Europäische Neutronenquelle: "Falsche Prioritäten"

Für rund 1,5 Milliarden Euro wird in Schweden eine Spallationsanlage zur Erzeugung von Neutronen errichtet. Für einige Forscher ist das zu viel Geld.

STOCKHOLM taz | Spallations-Neutronenquelle: Klingt irgendwie nach Raumschiff Enterprise. Viele deutsche WissenschaftlerInnen hätten diese Forschungsanlage jedoch gern in Jülich gehabt. Doch sie wird nun im südschwedischen Lund gebaut.

Die Anlage funktioniert wie ein Supermikroskop: Mit Hilfe der dort erzeugten intensiven Neutronenstrahlung können Materialforscher, Biochemiker oder Archäologen den atomaren Aufbau von Materieproben untersuchen oder Materialien mit bestimmten Eigenschaften ausstatten.
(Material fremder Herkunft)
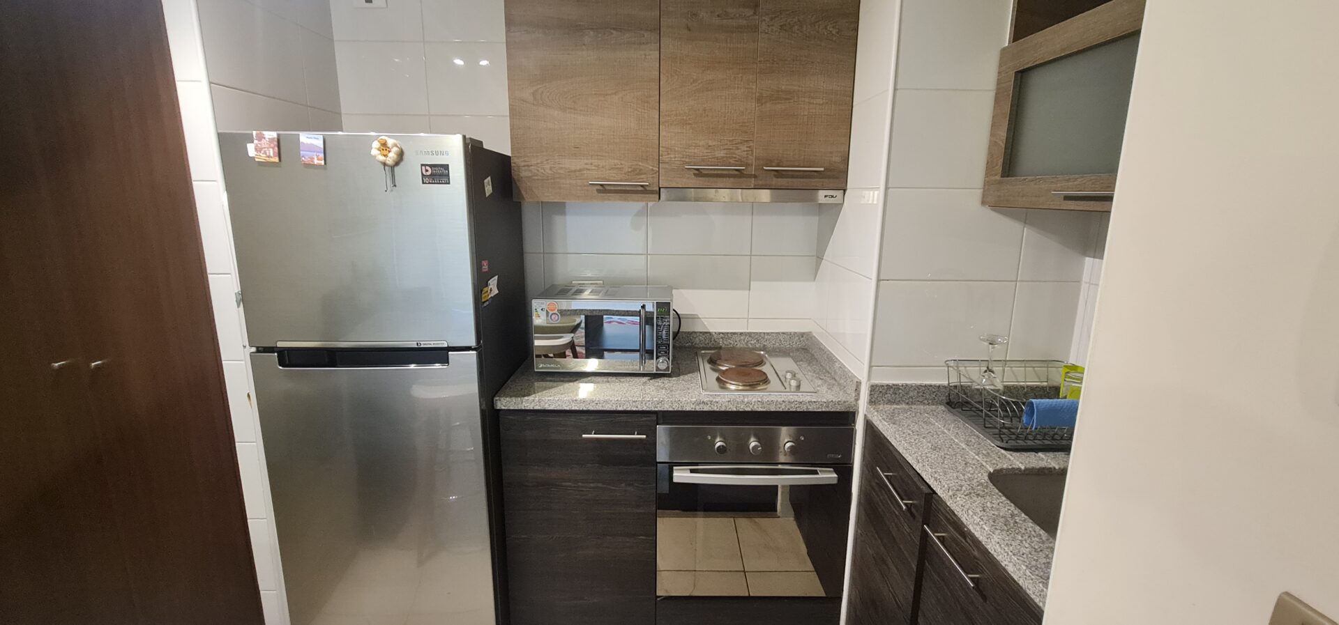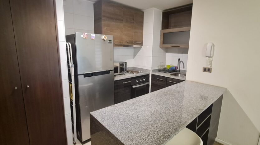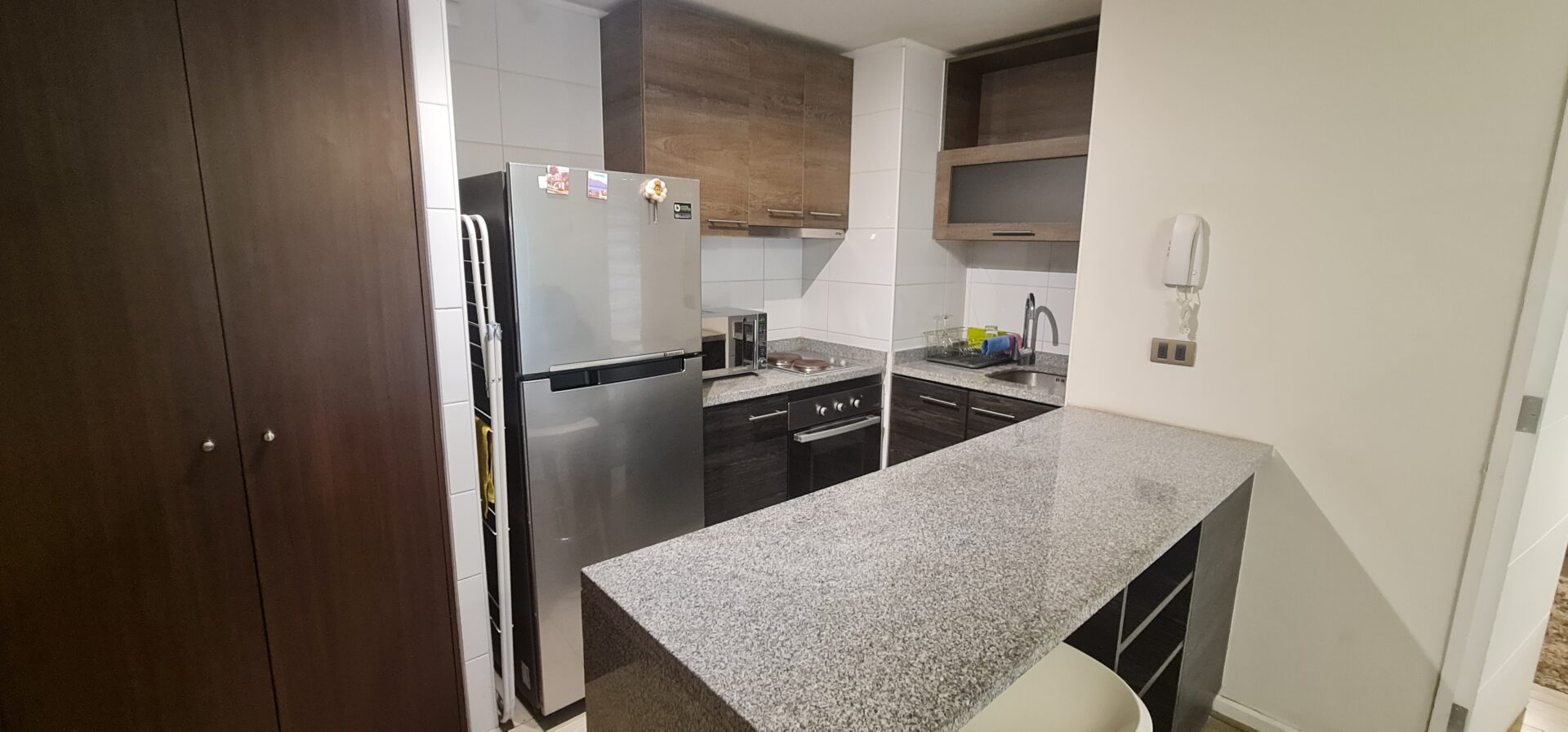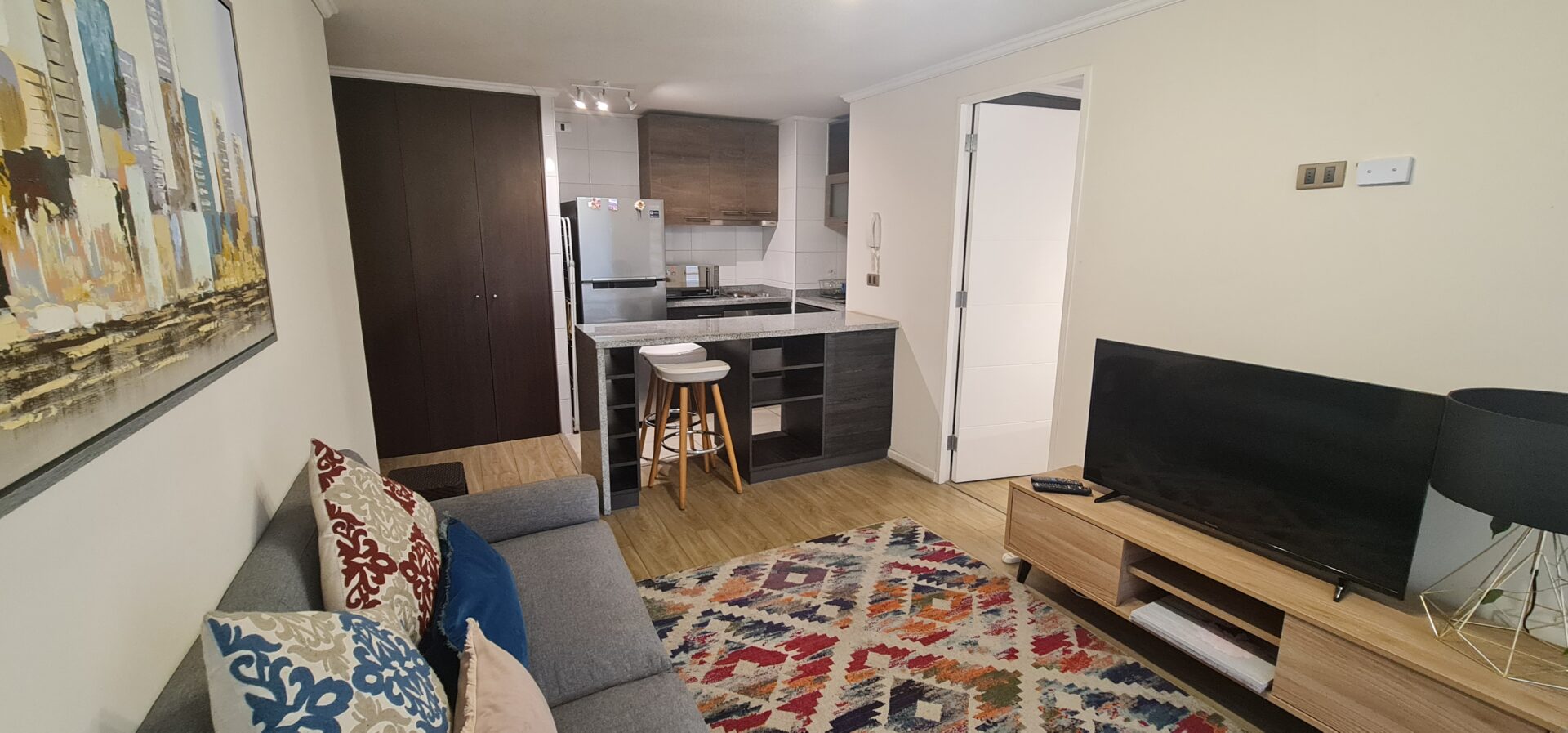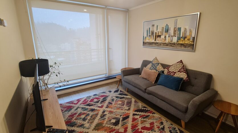 El departamento tiene 1 dormitorio con baño en suite; cocina americana (amoblada y equipada); calefacción por paneles eléctricos de bajo consumo; terraza y bodega. Otras características del departamento son: Todas sus ventanas son termopanel con perfil de PVC; cortinas roller en todas sus ventanas; piso vinílico tipo madera en living y dormitorio; porcelanato en áreas húmedas; cubierta de mármol en vanitorio; cubierta de granito en cocina; excelente vista panorámica.

Zum Beispiel um den Alterungsprozess von Batterien zu erkunden, wirkungsvollere Medikamente zu entwickeln oder die Speicherkapazität von elektronischen Bauteilen zu verbessern.

Die Neutronen, die in diesem Prozess das erforderliche Wissen über Lage, Dynamik und Funktion von Atomen und Molekülen offenbaren sollen, müssen erst gewonnen werden. Das kann in Forschungsreaktoren durch Kernspaltung geschehen, aber eben auch durch Spallationsquellen, in denen Atomkerne zertrümmert werden. Dabei werden Neutronen freigesetzt.

Es gibt in Europa bereits verschiedene Spallationsquellen, beispielsweise SINQ in der Schweiz und Isis in Großbritannien. Trotzdem meint die Wissenschafts- und Politiklobby, die sich nun mit der Errichtung der "Europäischen Spallations-Neutronenquelle" (ESS) durchgesetzt hat, dass dieser Neubau eine Voraussetzung dafür ist, dass Europa auch in Zukunft bei der Neutronenforschung die Nase vorn haben kann.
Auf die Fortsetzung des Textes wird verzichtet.